Geri

   

 

 

 

İleri

 

8- Kim O! Denildiği Vakit İzin İsteyenin: Ben! Demesinin Keraheti Bâbı

5761- Bize Muhammed b. Abdillah b. Nümeyr rivâyet etti.

(Dedi ki): Bize Abdullah b. İdris, Şu'be’den, o da Muhammed b. Münkedir'den, o da Câbir b. Abdillah'dan naklen rivâyet etti. Câbir Şöyle dedi: Peygamber (sallallahü aleyhi ve sellem)'e geldim de çağırdım. Peygamber (sallallahü aleyhi ve sellem):

«Kim o?» dedi.

— Ben! dedim. Arkacığından: Ben!.. Ben!., diyerek çıktı.

5762- Bize Yahya b. Yahya ile Ebû Bekr b. Ebî Şey be rivâyet ettiler. Lâfız Ebû Bekr'indir. Yahya: Ahberana; Ebû Bekir: Haddesena tâbirlerini kullandılar. (Dediler ki): Bize Veki', Şu’be'den, o da Muhammed b. Münkedir'den, o da Câbir b.
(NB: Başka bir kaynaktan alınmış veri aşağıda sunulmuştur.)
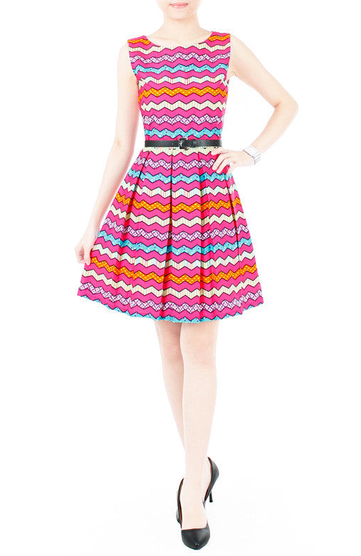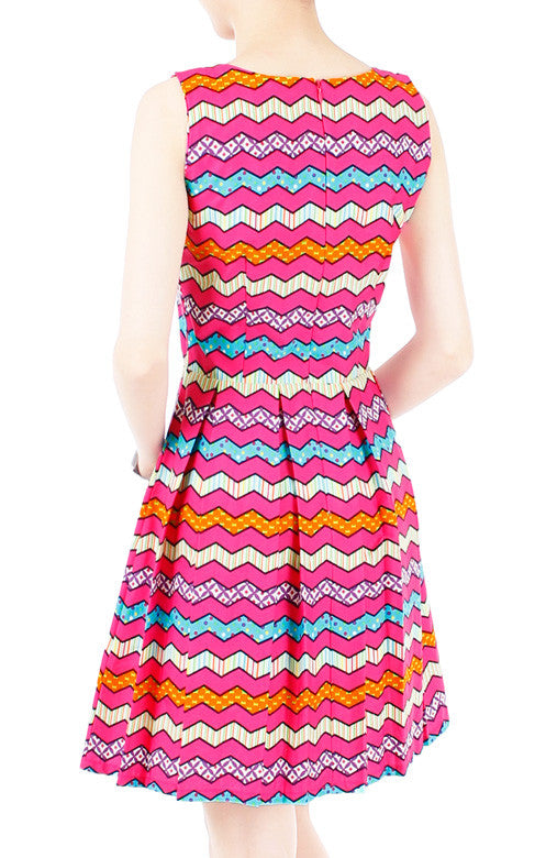 Life your ice lemon tea glass and say a toast to this pretty flare dress! Sporting various prints on a hot pink background, double layered top and a pleated flare skirt, this easy-to-wear dress is a fun one in which to celebrate! Other details include: Inner lining and hidden back zip. Made from cotton.
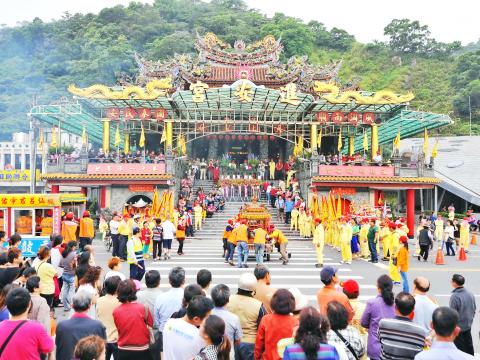 The birthday of the sea goddess Matsu, which falls on the 23rd day of the third month on the lunar calendar, was celebrated on Tuesday last week, as followers poured in to Matsu temples throughout the nation. Fusing Temple, which is devoted to Matsu, in Greater Taichung’s Dali District joined Datun District’s Matsu pilgrimage event for 18 villages. Wanhe Temple in Nantun District and Dajia District’s Jenn Lann Temple held a lively rite consisting of three offerings (sanxianli) on Tuesday last week.

Abdillah'dan naklen rivâyet etti. (Şöyle dedi): Peygamber (sallallahü aleyhi ve sellem)'in yanına girmek için izin istedim.

«Kİm o?» dedi.

— Ben! dedim. Bunun üzerine Peygamber (sallallahü aleyhi ve sellem):

«Ben!.. Ben!..» buyurdular.

5763- Bize İshâk b. İbrahim de rivâyet etti.

(Dedi ki): Bize Nadr b. Şümeyl ile Ebû Âmir El-Akedî rivâyet ettiler. H.

Bize Muhammed b. Müsenna dahi rivâyet etti.

(Dedi ki): Bana Vehb b. Cerir rivâyet etti. H.

Bana Abdurrahman b. Bişr de rivâyet etti.

(Dedi ki): Bize Behz rivâyet etti. Bu râvilerin hepsi Şu'be'den bu İsnadla rivâyette bulunmuşlardır. Onların hadisinde:

«Galiba bundan hoşlanmadı...» cümlesi vardır.

Bu hadîsi Buhârî ile Tirmizî «İsti'zan- bahsinde; Ebû Dâvud ile İbn Mâce «Kitâbu'l-Edeb»'de; Nesâî «Kitâ-bu’l-Yevm ve'de muhtelif râvilerden tahrîc etmişlerdir. Buhârî'nin rivâyetinde Hazret-i Câbir: «Babamın bir borcu hakkında Peygamber (sallallahü aleyhi ve sellem)’e geldim de kapıyı çaldım. «Kim o?» dedi. Ben!., diye cevap verdim. Bunun üzerine: «Ben!.. Ben!..» buyurdu. Galiba bundan hoşlanmadı.» demektedir. Ev sahibi: Kim o? dediği vakit, kapıdakinin kendisini bildirmeden sadece, ben!, demesini ulema kerih göçmüşlerdir. Delilleri bu hadîstir. Çünkü sadece ben!., demekten hiç bir fayda hasıl olmaz. Müphemlik devam eder. Bunu gidermek için kapıdakinin ismini ve tanınacak şekilde babasının, icab ederse dedesinin adlarını söylemesi gerekir. Ben filancayım! demekte de bir beis yoktur. Nitekim Ümmü Hâni, Peygamber (sallallahü aleyhi ve sellem)’in yanına girmek istediği zaman: «Kim o?» denildikte: «Ben Ümmü Hâni'yim!» cevabını vermiştir. Sırf adını söylemekle kim olduğu anlaşılmazsa, ben filan hocayım, yahut filân hâkimim gibi kendisini tanıtacak unvanını söylemek de caizdir.